Andy Mitchell was also found guilty of manslaughter and sentenced to 30 years in prison. He was the last member of the Grenada 17. Raeburn Nelson was found not guilty and released.

Bernard Coard said at the time that they were convicted in a "kangaroo court and show trial". His wife Phyllis shouted at Judge Dennis Byron, "The world will condemn you!".

All fourteen death sentences were subsequently commuted to prison terms.

During the initial years of their imprisonment, the Grenada 17 alleged they were systematically abused by guards, until Prison Commissioner Winston Courtney intervened on the prisoners' behalf.

The release of the Grenada 17 began in March 2000 when Phyllis Coard was freed to undergo cancer treatment. In June 2007, Christopher Stroude, Lester Redhead and Cecil Prime were freed. Hudson Austin, Colville McBarnett and John Ventour were freed in December 2008. Then, on 4 September 2009, the final seven were released. Senator Chester Humphrey described it as a milestone in the island's efforts to heal wounds from the events of October 1983: "It's the end of one chapter, not the completion of the book, as Grenada tries to build a future by not living in the past."

==Claims of the accused==
Most of the Grenada 17 avoided taking personal responsibility for the executions in Fort Rupert. The 17 prisoners issued a public apology in 1997, printed in the Grenadian Voice, in which they admitted to a collective responsibility for the tragedy.

Ewart Layne signed a confession at the time of Bishop's murder stating that he gave the orders which led to the executions. But he, along with nine other prisoners, later claimed they were beaten and forced to sign confessions. Colville McBarnette also said he was coerced into "confessing". He asserted that the testimony by prosecution witness, Cletus St. Paul, "about seeing me at Fort Frederick on October 1983, in a huddle prior to the departure of soldiers to Fort Rupert was false".

Callistus Bernard, the private who admitted to organizing the firing squad, said that during the skirmish to retake Fort Rupert, he "lost it" and was not in control of his mental state. Hudson Austin never attempted to explain or defend his actions. In a mitigation plea before the regional Supreme Court in 2007, his attorney simply said that Austin and his fellow prisoners "have experienced emotional, spiritual, and academic growth and understand the need to satisfy action for loss and suffering and the trauma of the Grenadian people."

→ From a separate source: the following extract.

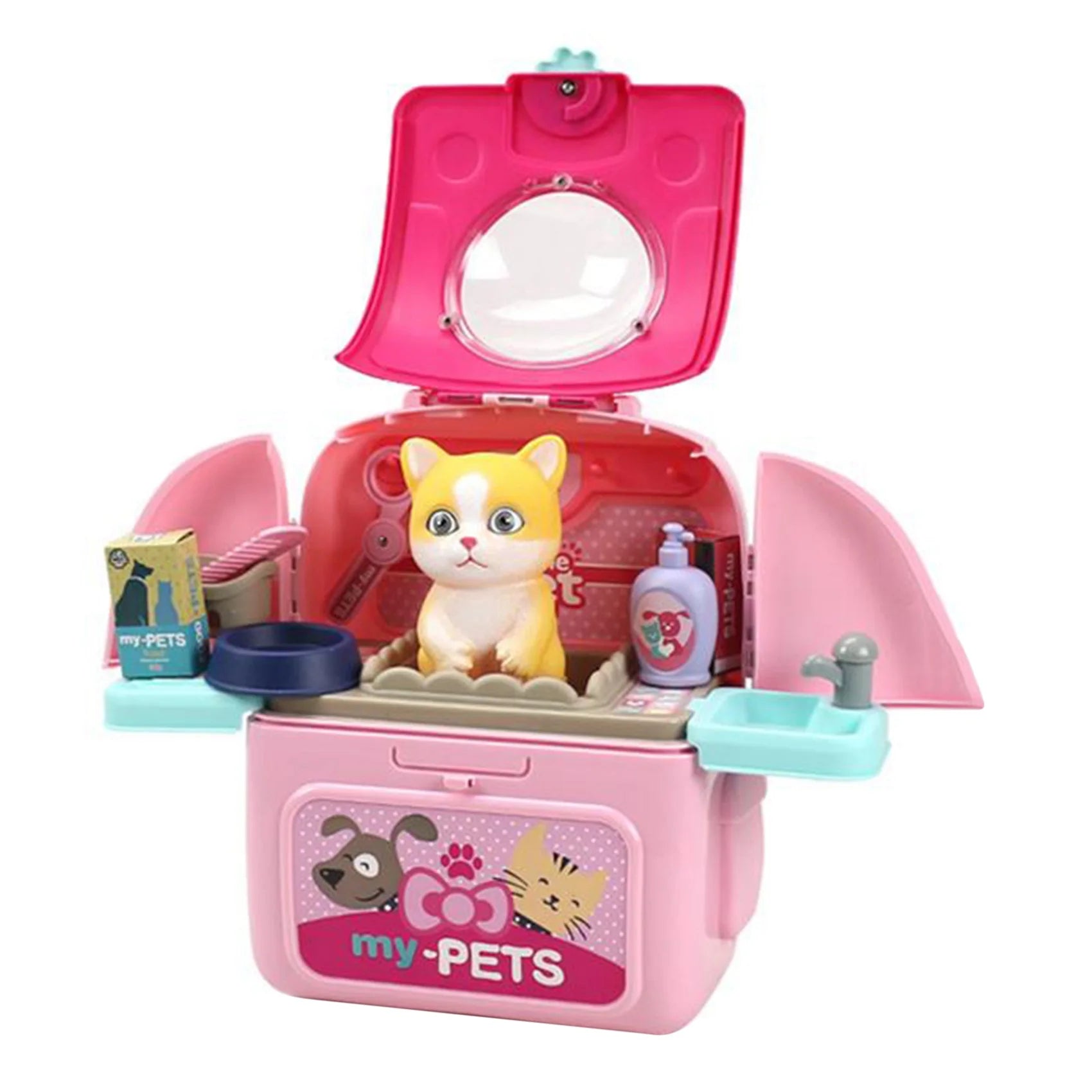 ASDS-Animals Cartoon Pet Toys Realistic Pet Vet Backpack Pretend Play Toy Veterinarian Kit Cat Dog Care Play Set

In interviews conducted years after the tragedy, Bernard Coard attributed the Fort Rupert executions to vengeance by relatively untrained Grenadian soldiers, but added that he and others in leadership ultimately "take moral and political responsibility for what happened." A 2006 Grenada Today editorial asked, "how come [Coard] wants us to believe after 23 years that he is such an innocent man and wants to only take 'moral responsibility' and not 'criminal responsibility' for the heinous killings?"

==Criticisms and aftermath==
Some international observers questioned the fairness of the Grenada 17 trial. A pamphlet by Richard Hart, The Grenada Trial: A Travesty of Justice (Committee for Human Rights in Grenada, 1996), denounced the 1986 trial proceedings for not allowing witnesses for the defense or cross-examination of prosecution witnesses. Amnesty International issued a report in 2003 stating that the Grenada 17 should be granted "a prompt, fair and impartial" new trial, and referred to them as "the last of the Cold War prisoners".

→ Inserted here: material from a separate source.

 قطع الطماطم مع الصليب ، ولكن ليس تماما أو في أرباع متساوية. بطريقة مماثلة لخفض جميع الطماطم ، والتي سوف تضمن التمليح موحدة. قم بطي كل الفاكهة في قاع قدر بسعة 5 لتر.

In 2001 the Grenada government established a Truth and Reconciliation Commission to help citizens on the island "move on from the deep divisions caused by the revolution and the consequent US invasion". Although many in the country expected the Commission to weigh in on the Grenada 17 controversy, the Commission's final report in 2006 made no specific recommendations in that regard.

It was not until 2009 that every member of the Grenada 17 was released.